» Work order
Beneath this task are records; print exactly the stretch of them from the line with "D) northeast corner looking southwest" through the line with "With the statement, GLAAD", both ends included.

» Task material
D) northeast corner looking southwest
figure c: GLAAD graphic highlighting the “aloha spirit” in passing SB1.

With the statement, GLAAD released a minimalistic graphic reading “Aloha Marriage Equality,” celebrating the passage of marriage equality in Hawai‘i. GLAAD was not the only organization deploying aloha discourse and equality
--
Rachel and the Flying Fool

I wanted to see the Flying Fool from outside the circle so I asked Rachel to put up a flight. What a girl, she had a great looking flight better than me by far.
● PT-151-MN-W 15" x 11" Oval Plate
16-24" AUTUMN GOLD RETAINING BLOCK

» The completed task
D) northeast corner looking southwest
figure c: GLAAD graphic highlighting the “aloha spirit” in passing SB1.

With the statement, GLAAD released a minimalistic graphic reading “Aloha Marriage Equality,” celebrating the passage of marriage equality in Hawai‘i. GLAAD was not the only organization deploying aloha discourse and equality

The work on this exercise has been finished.